His frankness was surprising. And worse, it left us no angle to work on him. So I let go of the angles and just asked a simple and straightforward question. “Then who was he trying to impress?”
“I can only guess,” Benny said. “But I assume it was his father.”
“His father’s in prison,” Jen said.
“Yes. Corcoran.”
“And you think he’s still that big an influence on his son?”
“His old man’s standing up. A word from him could still open doors.”
We knew the doors he was talking about.
“I know you’ve been off the streets for a long time,” I said, “but is torching a helpless old man really going to impress anyone?”
“Of course not.”
“Then why did he do it?”
“Because he’s a fucking idiot.”
We were outside of Benny’s building on Ocean Boulevard and on our way back to the station before I asked Jen, “What do you make of Benny?”
“Got a good song and dance.”
“I know.
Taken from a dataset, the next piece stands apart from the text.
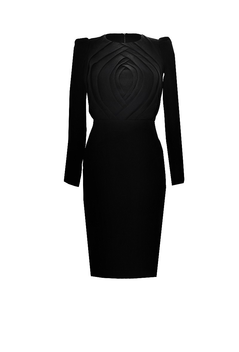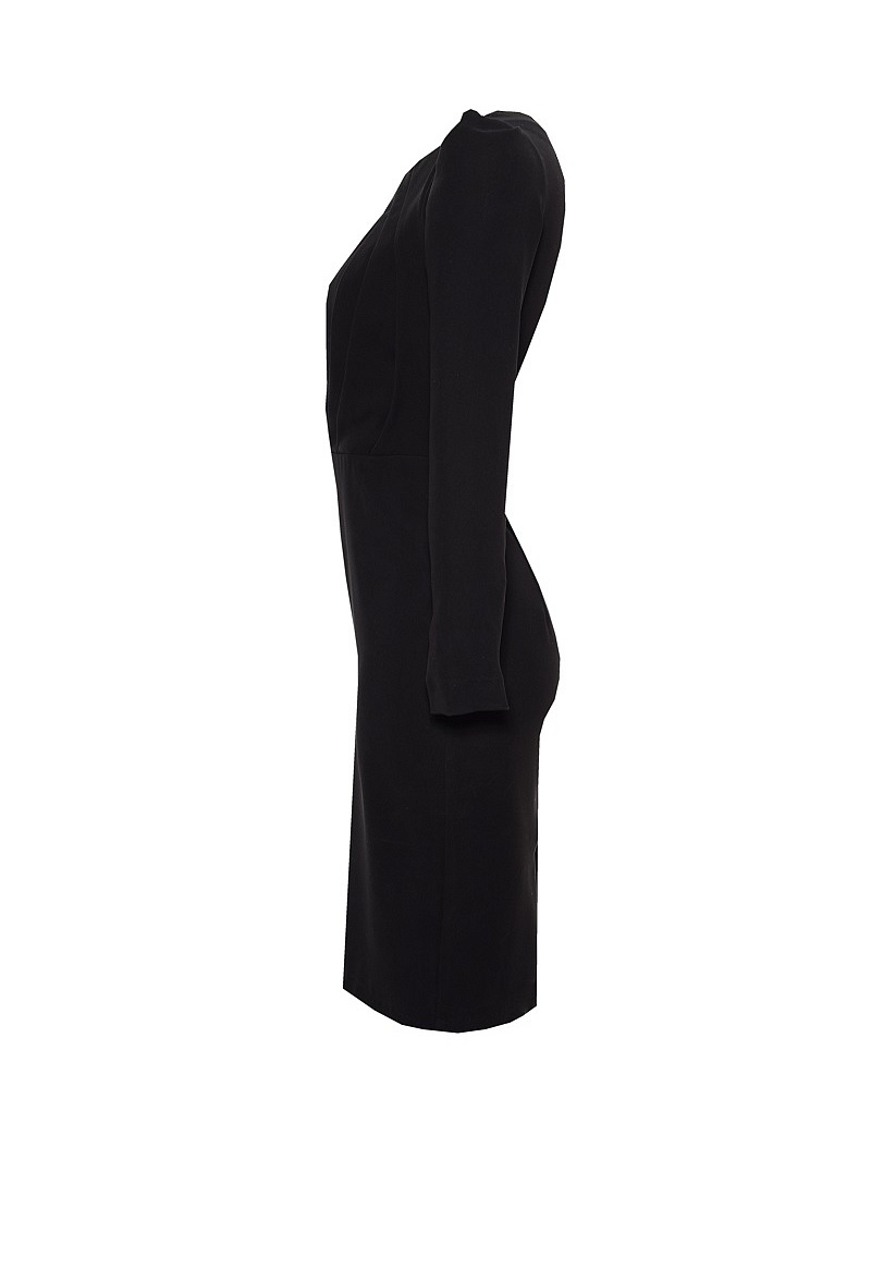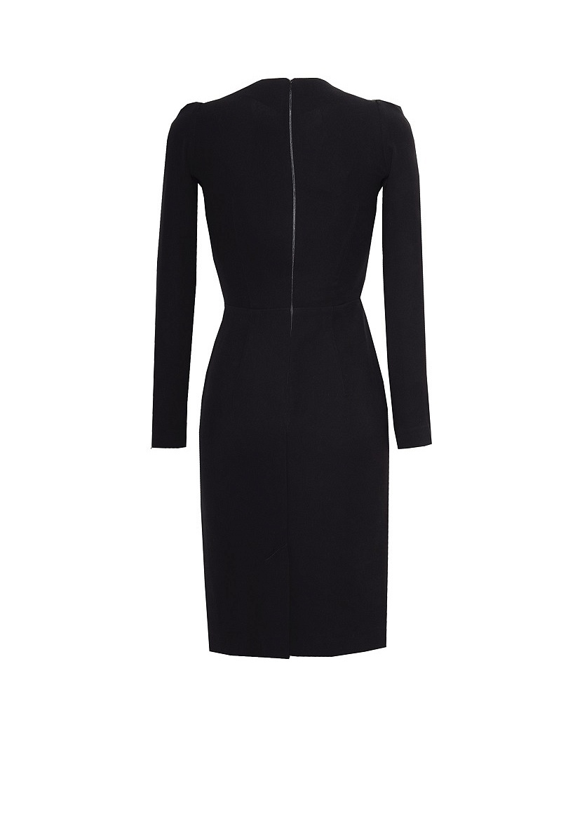 Креповое платье-футляр с длинным рукавом и дизайнерской полочкой в виде розы.
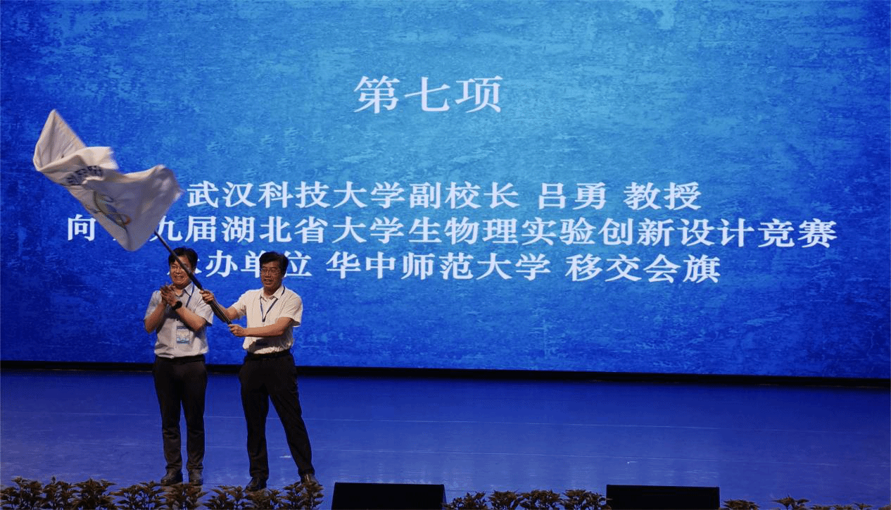 太阳集团2007网站副校长吕勇教授向第九届湖北省大学生物理实验创新设计竞赛承办单位华中师范大学移交会旗。

So good I wonder if it might even be true.”
She said, “I think it’s too good. Let’s see if he’s got any connection to Omar’s lawyer.”
“What if he does?”
“Then we’ll know he’s full of shit and we can look harder at him. Maybe we can shake something loose.”
“Maybe.” I didn’t say anything else.
“What?” she asked.
“I don’t know. I just want to ID the vic.”
“You don’t think the name ‘Bishop’ will lead us anyplace?”
“There were a couple of hits on the name with MUPS, but none matched the description. I’m thinking it must be a street name or something.”